> **WORK INSTRUCTIONS**: Copy out the data that comes next, character for character, and leave the images aside.

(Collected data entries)
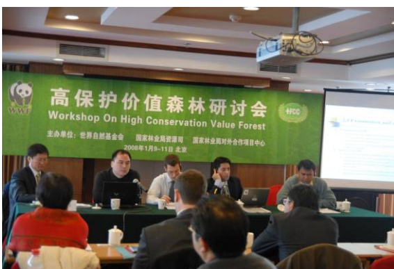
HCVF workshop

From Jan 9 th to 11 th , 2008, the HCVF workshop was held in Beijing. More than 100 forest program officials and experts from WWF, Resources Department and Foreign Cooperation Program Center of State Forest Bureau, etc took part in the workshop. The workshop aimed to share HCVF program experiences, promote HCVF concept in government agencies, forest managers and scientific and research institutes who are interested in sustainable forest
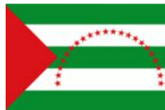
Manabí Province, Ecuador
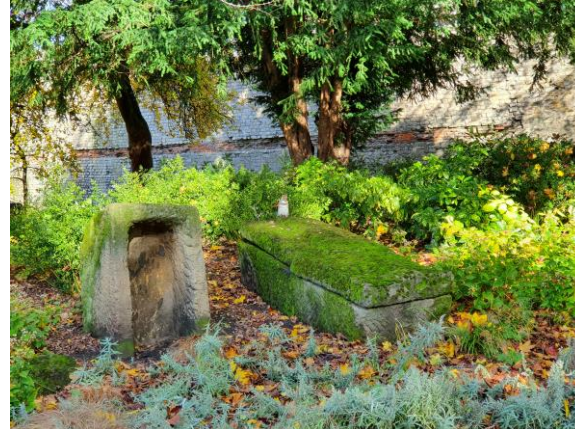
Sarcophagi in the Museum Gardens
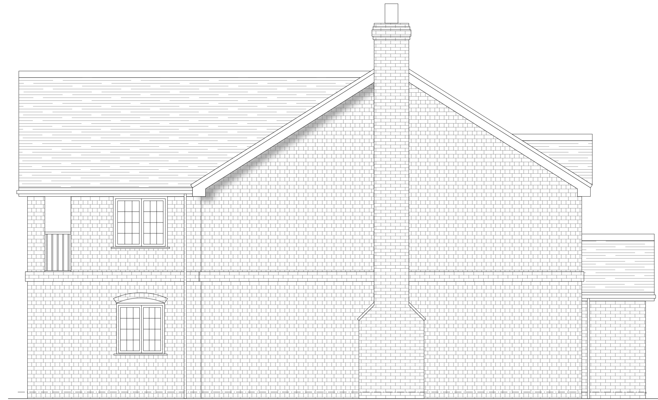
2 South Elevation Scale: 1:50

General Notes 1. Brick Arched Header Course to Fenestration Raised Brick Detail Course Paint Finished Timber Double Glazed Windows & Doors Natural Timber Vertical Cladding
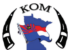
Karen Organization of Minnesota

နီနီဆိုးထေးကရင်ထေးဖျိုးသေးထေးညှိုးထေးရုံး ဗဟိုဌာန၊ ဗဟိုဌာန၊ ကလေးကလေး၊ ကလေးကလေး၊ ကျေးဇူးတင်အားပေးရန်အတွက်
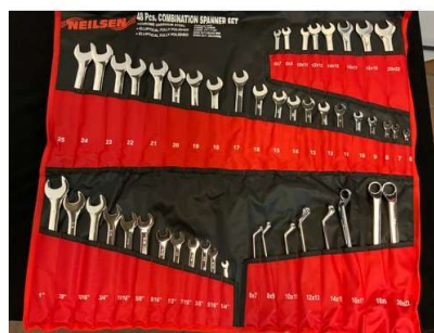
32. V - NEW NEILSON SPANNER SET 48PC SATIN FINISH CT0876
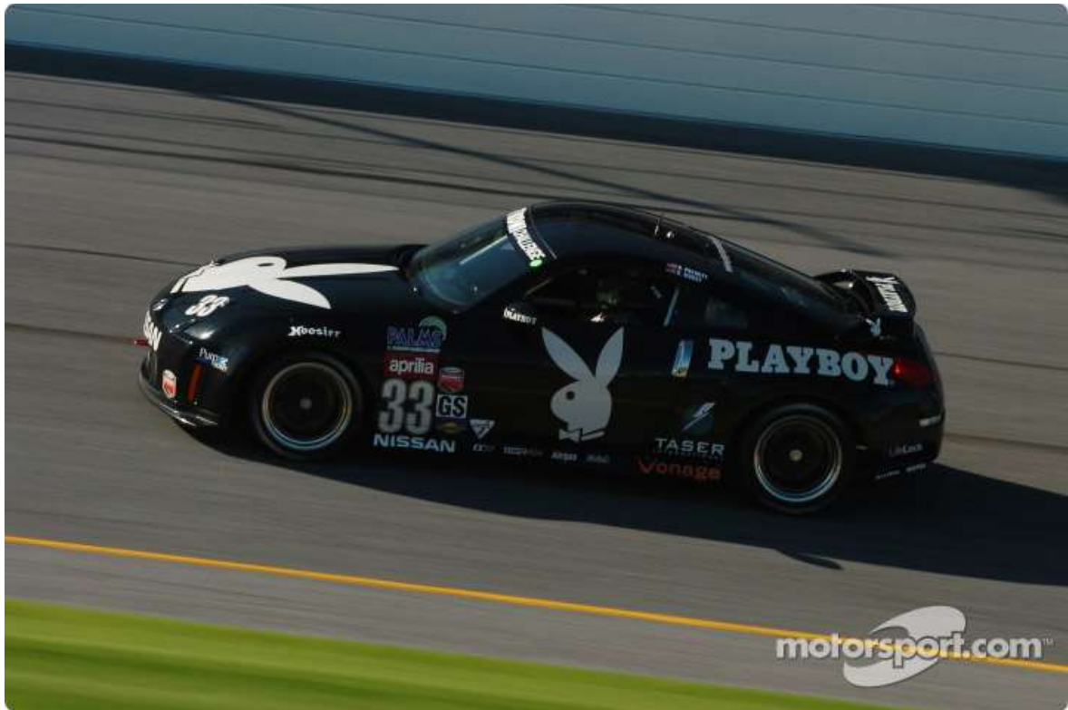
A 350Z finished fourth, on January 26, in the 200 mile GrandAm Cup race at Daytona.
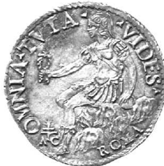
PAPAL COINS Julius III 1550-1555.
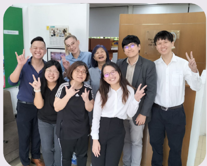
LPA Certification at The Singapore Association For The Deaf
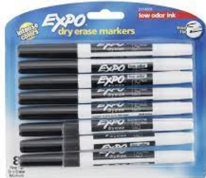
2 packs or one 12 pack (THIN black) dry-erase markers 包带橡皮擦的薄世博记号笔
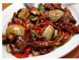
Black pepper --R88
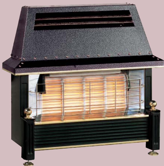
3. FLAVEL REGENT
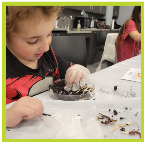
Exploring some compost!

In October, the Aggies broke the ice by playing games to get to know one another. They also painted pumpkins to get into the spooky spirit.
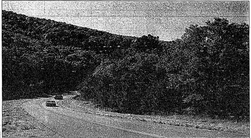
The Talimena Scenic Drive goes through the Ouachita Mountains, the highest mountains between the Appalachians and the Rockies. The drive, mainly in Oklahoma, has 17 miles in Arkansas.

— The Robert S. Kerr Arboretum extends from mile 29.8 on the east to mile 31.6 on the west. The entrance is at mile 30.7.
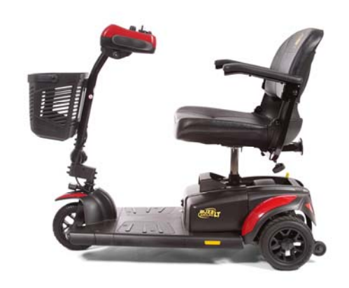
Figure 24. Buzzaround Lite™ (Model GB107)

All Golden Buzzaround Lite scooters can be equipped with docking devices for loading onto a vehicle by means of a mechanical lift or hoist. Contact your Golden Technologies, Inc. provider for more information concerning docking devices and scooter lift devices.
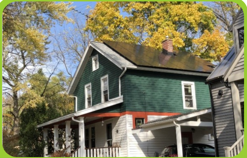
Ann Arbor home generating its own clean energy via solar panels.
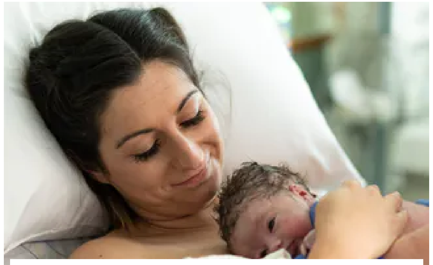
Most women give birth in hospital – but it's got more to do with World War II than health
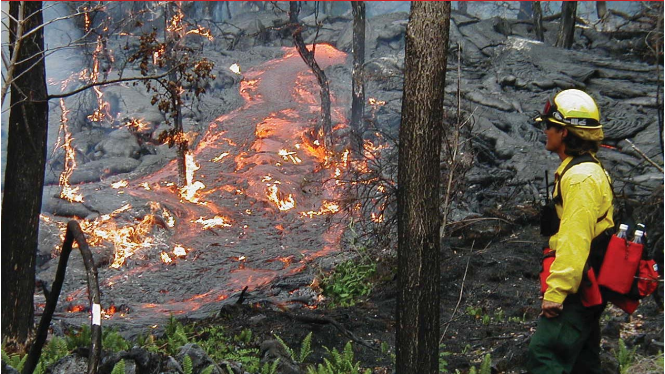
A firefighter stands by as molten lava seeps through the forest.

> **ANSWER BOX**:
HCVF workshop

From Jan 9 th to 11 th , 2008, the HCVF workshop was held in Beijing. More than 100 forest program officials and experts from WWF, Resources Department and Foreign Cooperation Program Center of State Forest Bureau, etc took part in the workshop. The workshop aimed to share HCVF program experiences, promote HCVF concept in government agencies, forest managers and scientific and research institutes who are interested in sustainable forest
Manabí Province, Ecuador
Sarcophagi in the Museum Gardens
2 South Elevation Scale: 1:50

General Notes 1. Brick Arched Header Course to Fenestration Raised Brick Detail Course Paint Finished Timber Double Glazed Windows & Doors Natural Timber Vertical Cladding
Karen Organization of Minnesota

နီနီဆိုးထေးကရင်ထေးဖျိုးသေးထေးညှိုးထေးရုံး ဗဟိုဌာန၊ ဗဟိုဌာန၊ ကလေးကလေး၊ ကလေးကလေး၊ ကျေးဇူးတင်အားပေးရန်အတွက်
32. V - NEW NEILSON SPANNER SET 48PC SATIN FINISH CT0876
A 350Z finished fourth, on January 26, in the 200 mile GrandAm Cup race at Daytona.
PAPAL COINS Julius III 1550-1555.
LPA Certification at The Singapore Association For The Deaf
2 packs or one 12 pack (THIN black) dry-erase markers 包带橡皮擦的薄世博记号笔
Black pepper --R88
3. FLAVEL REGENT
Exploring some compost!

In October, the Aggies broke the ice by playing games to get to know one another. They also painted pumpkins to get into the spooky spirit.
The Talimena Scenic Drive goes through the Ouachita Mountains, the highest mountains between the Appalachians and the Rockies. The drive, mainly in Oklahoma, has 17 miles in Arkansas.

— The Robert S. Kerr Arboretum extends from mile 29.8 on the east to mile 31.6 on the west. The entrance is at mile 30.7.
Figure 24. Buzzaround Lite™ (Model GB107)

All Golden Buzzaround Lite scooters can be equipped with docking devices for loading onto a vehicle by means of a mechanical lift or hoist. Contact your Golden Technologies, Inc. provider for more information concerning docking devices and scooter lift devices.
Ann Arbor home generating its own clean energy via solar panels.
Most women give birth in hospital – but it's got more to do with World War II than health
A firefighter stands by as molten lava seeps through the forest.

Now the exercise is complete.